══ Input for this task ══

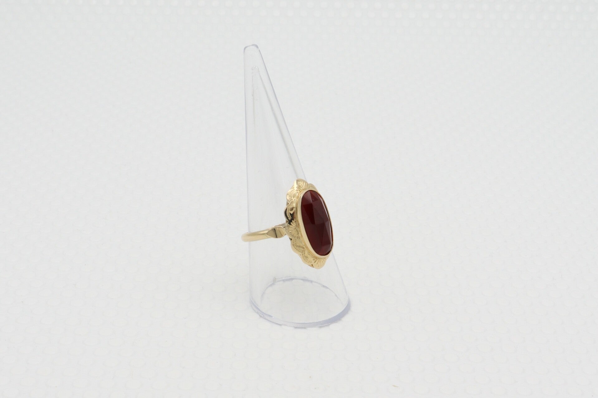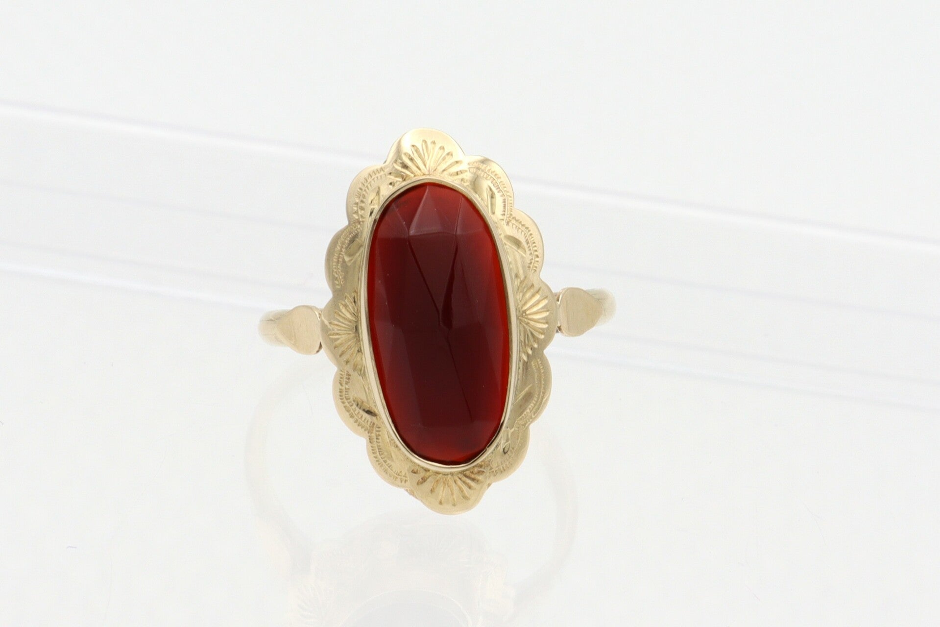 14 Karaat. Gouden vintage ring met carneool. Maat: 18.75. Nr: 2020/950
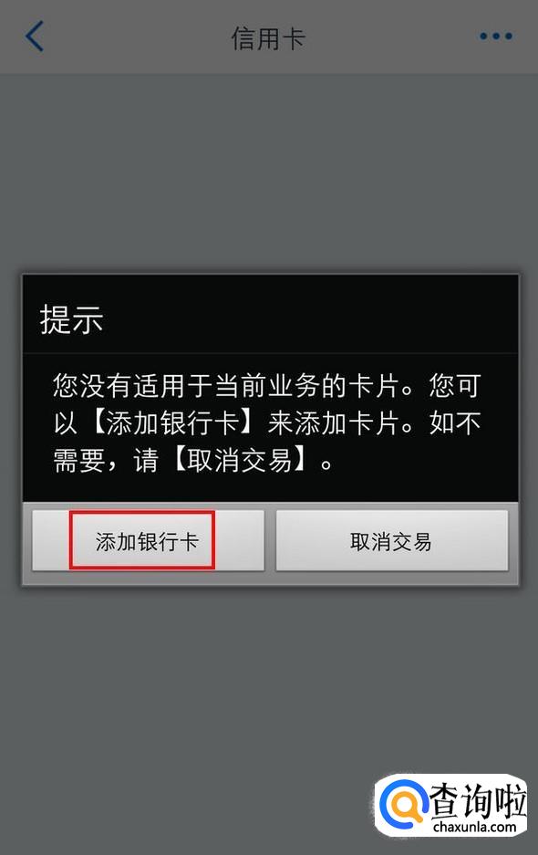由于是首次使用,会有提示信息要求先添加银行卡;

═══
══ Input for this task ══

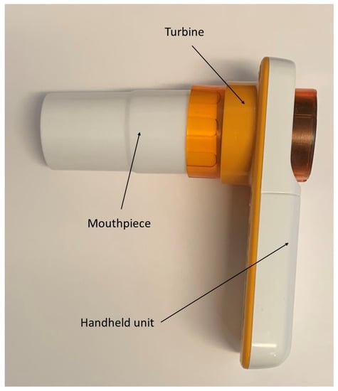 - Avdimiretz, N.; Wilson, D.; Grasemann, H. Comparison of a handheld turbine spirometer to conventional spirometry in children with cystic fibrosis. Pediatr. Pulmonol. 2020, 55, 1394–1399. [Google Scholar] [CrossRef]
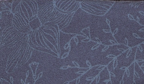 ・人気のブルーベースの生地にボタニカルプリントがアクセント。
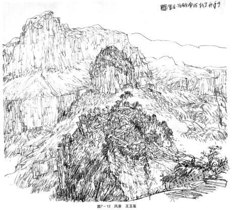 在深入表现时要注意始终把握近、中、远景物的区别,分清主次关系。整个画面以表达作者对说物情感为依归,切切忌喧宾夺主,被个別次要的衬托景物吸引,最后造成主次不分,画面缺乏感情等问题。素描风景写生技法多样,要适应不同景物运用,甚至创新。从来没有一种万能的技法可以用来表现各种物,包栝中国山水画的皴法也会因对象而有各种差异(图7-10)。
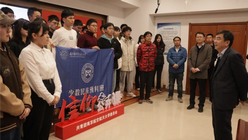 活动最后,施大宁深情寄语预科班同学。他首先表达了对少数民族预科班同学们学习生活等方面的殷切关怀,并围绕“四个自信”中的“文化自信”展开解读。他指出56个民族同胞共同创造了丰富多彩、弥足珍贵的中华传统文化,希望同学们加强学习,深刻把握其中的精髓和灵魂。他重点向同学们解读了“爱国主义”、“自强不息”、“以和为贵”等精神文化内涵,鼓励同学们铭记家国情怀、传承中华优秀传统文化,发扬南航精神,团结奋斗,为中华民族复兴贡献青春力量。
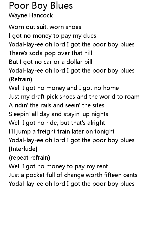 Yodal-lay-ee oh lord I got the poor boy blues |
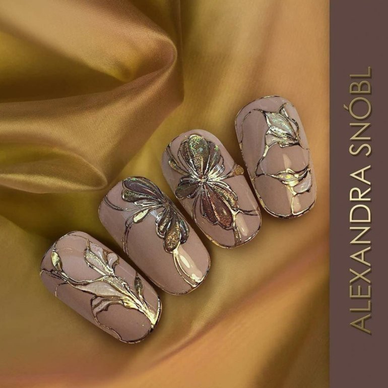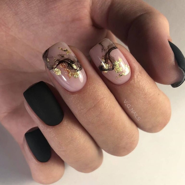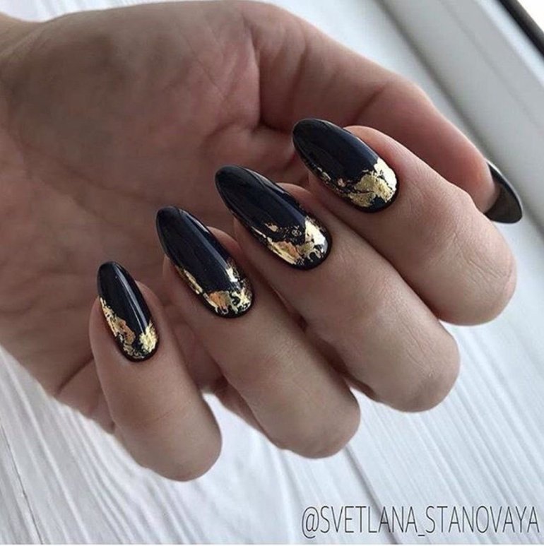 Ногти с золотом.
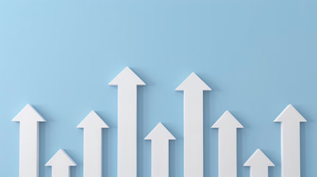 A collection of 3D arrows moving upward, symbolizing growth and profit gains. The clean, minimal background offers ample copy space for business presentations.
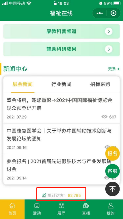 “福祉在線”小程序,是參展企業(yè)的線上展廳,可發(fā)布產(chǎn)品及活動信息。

═══
══ Input for this task ══

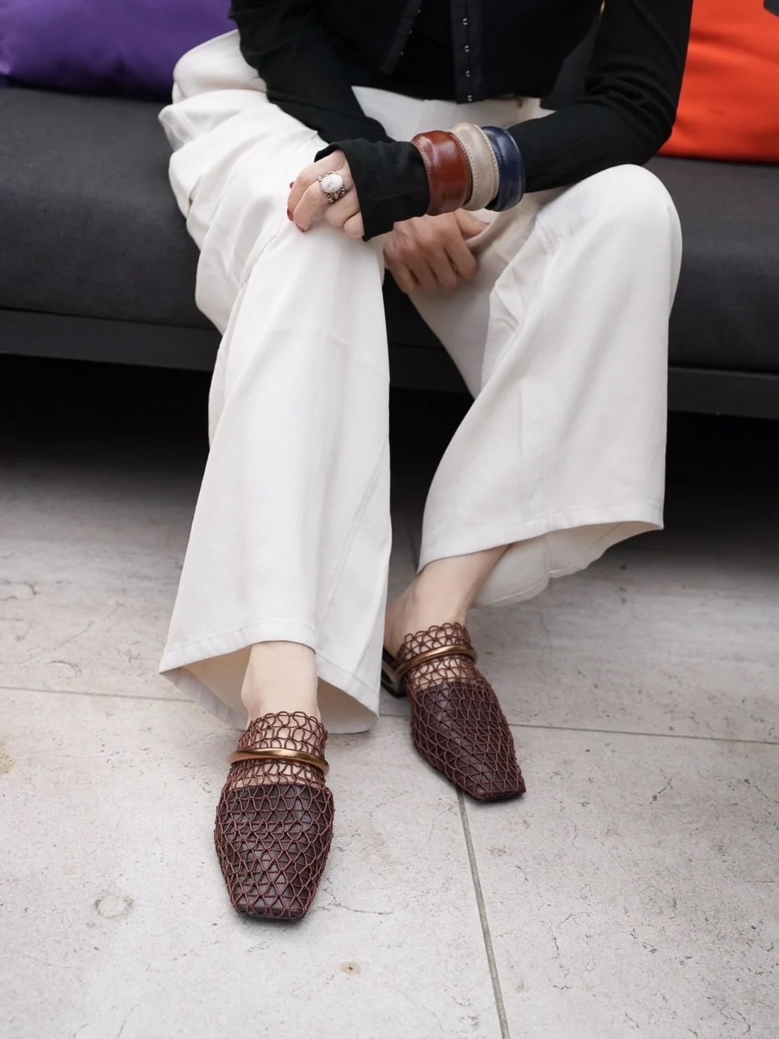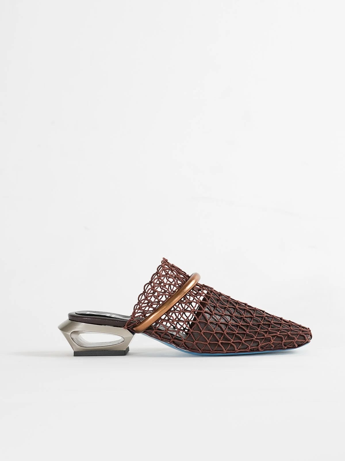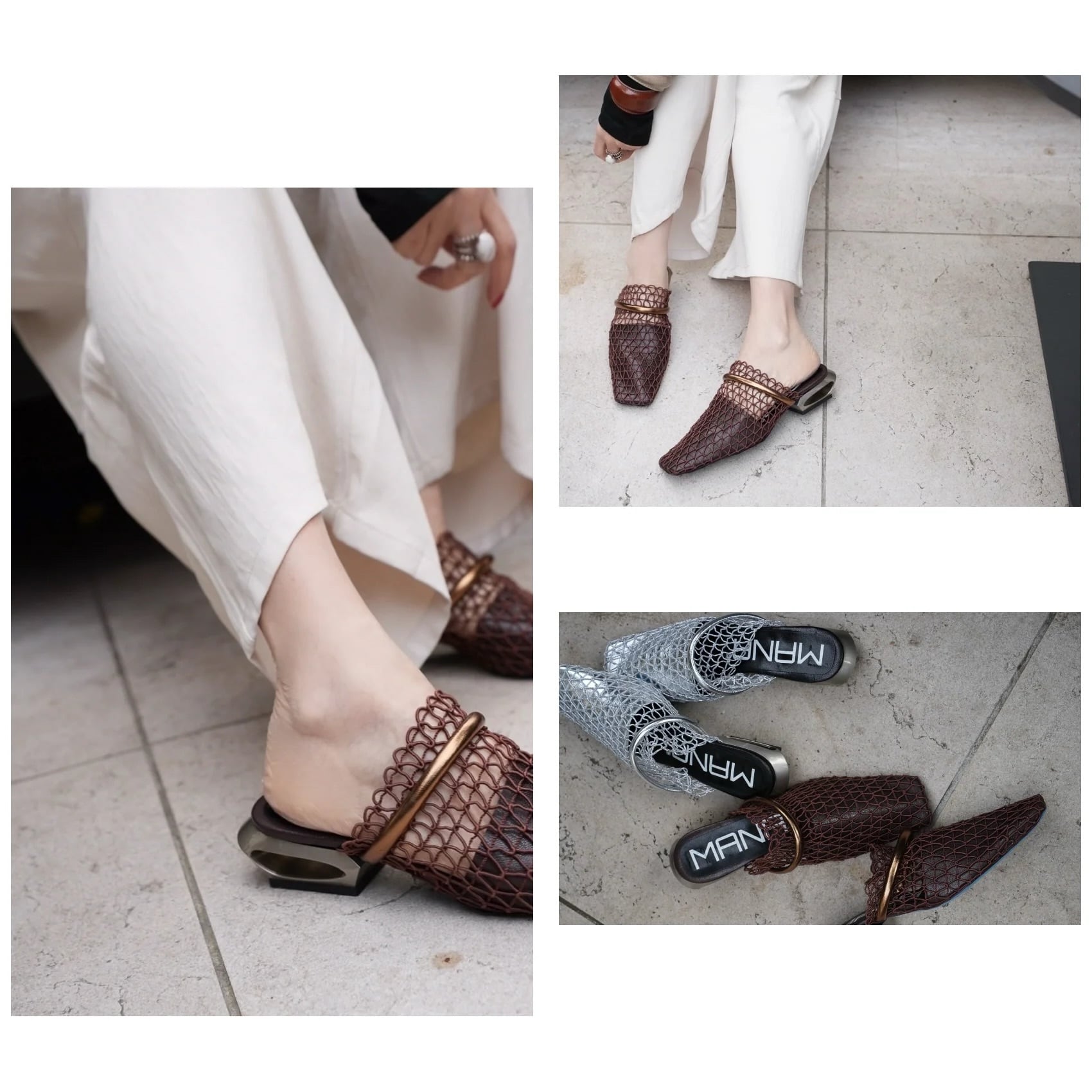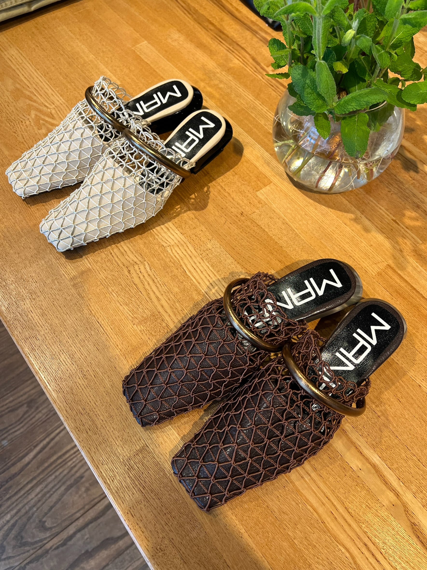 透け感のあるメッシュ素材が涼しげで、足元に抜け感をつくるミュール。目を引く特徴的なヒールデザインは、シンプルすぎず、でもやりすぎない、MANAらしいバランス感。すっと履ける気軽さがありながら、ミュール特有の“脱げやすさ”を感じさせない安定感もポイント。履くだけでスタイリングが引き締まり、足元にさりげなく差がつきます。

═══

* What you have to do: Having found the line with "14 Karaat. Gouden" and the line with "由于是首次使用,会有提示信息要求先添加银行卡;" in the material above, write out exactly those two and every line between, leaving the pictures out.

* Solution to this problem:
 14 Karaat. Gouden vintage ring met carneool. Maat: 18.75. Nr: 2020/950
由于是首次使用,会有提示信息要求先添加银行卡;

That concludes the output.